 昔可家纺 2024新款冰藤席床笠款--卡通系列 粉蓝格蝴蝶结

--

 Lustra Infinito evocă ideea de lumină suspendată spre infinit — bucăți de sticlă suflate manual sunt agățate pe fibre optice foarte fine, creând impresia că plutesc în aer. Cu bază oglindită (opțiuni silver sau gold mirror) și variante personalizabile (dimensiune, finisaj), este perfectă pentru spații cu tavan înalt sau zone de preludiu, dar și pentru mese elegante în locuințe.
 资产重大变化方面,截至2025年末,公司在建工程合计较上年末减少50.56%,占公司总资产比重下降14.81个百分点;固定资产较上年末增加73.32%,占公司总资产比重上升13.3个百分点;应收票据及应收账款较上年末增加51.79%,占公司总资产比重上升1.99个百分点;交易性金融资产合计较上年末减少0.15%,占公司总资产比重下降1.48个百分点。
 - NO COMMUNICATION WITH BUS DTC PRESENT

==

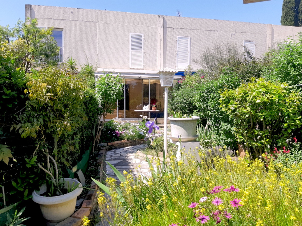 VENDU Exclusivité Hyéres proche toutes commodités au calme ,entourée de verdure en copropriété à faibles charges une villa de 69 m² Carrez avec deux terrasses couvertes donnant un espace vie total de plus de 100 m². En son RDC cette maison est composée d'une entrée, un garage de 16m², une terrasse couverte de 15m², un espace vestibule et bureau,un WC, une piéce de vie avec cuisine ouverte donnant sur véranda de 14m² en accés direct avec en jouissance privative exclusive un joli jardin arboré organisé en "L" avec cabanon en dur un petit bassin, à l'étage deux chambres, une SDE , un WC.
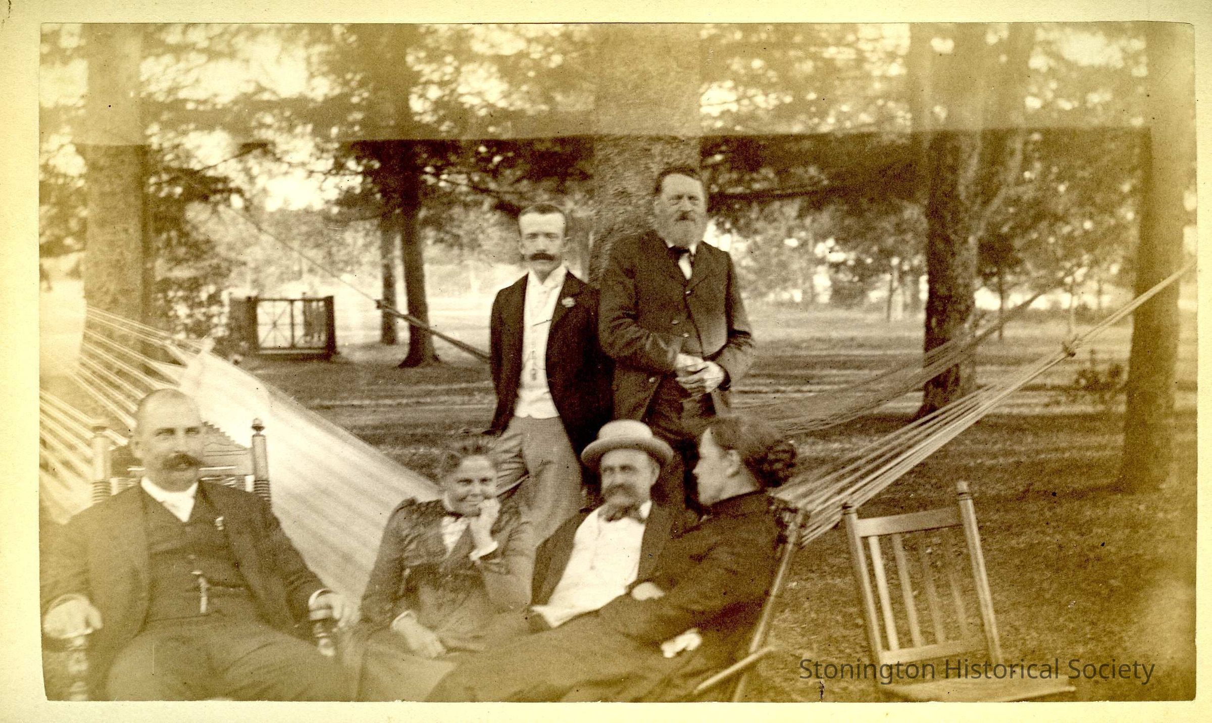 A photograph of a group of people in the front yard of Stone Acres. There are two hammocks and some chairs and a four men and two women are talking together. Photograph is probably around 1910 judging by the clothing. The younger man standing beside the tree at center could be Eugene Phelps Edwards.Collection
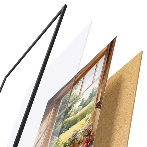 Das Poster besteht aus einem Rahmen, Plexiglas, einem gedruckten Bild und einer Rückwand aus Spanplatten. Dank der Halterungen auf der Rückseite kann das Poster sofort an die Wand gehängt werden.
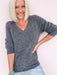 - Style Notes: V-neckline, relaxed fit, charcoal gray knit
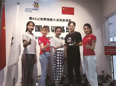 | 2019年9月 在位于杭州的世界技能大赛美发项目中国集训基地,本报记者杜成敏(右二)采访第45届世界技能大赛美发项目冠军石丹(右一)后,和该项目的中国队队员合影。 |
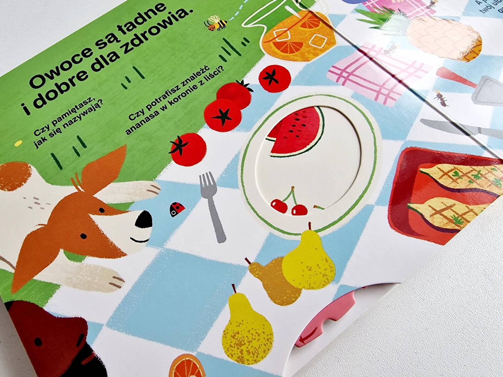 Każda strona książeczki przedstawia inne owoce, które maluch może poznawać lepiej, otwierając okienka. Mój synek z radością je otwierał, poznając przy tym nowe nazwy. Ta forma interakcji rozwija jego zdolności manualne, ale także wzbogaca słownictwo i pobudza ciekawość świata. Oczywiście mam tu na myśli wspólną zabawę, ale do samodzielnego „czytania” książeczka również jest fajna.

▶ About this exercise
When you reach the line with "Das Poster besteht" in the records above, begin repeating the lines exactly, and stop after the line with "- Style Notes: V-neckline, relaxed". Skip all pictures.

▶ Response below
 Das Poster besteht aus einem Rahmen, Plexiglas, einem gedruckten Bild und einer Rückwand aus Spanplatten. Dank der Halterungen auf der Rückseite kann das Poster sofort an die Wand gehängt werden.
 - Style Notes: V-neckline, relaxed fit, charcoal gray knit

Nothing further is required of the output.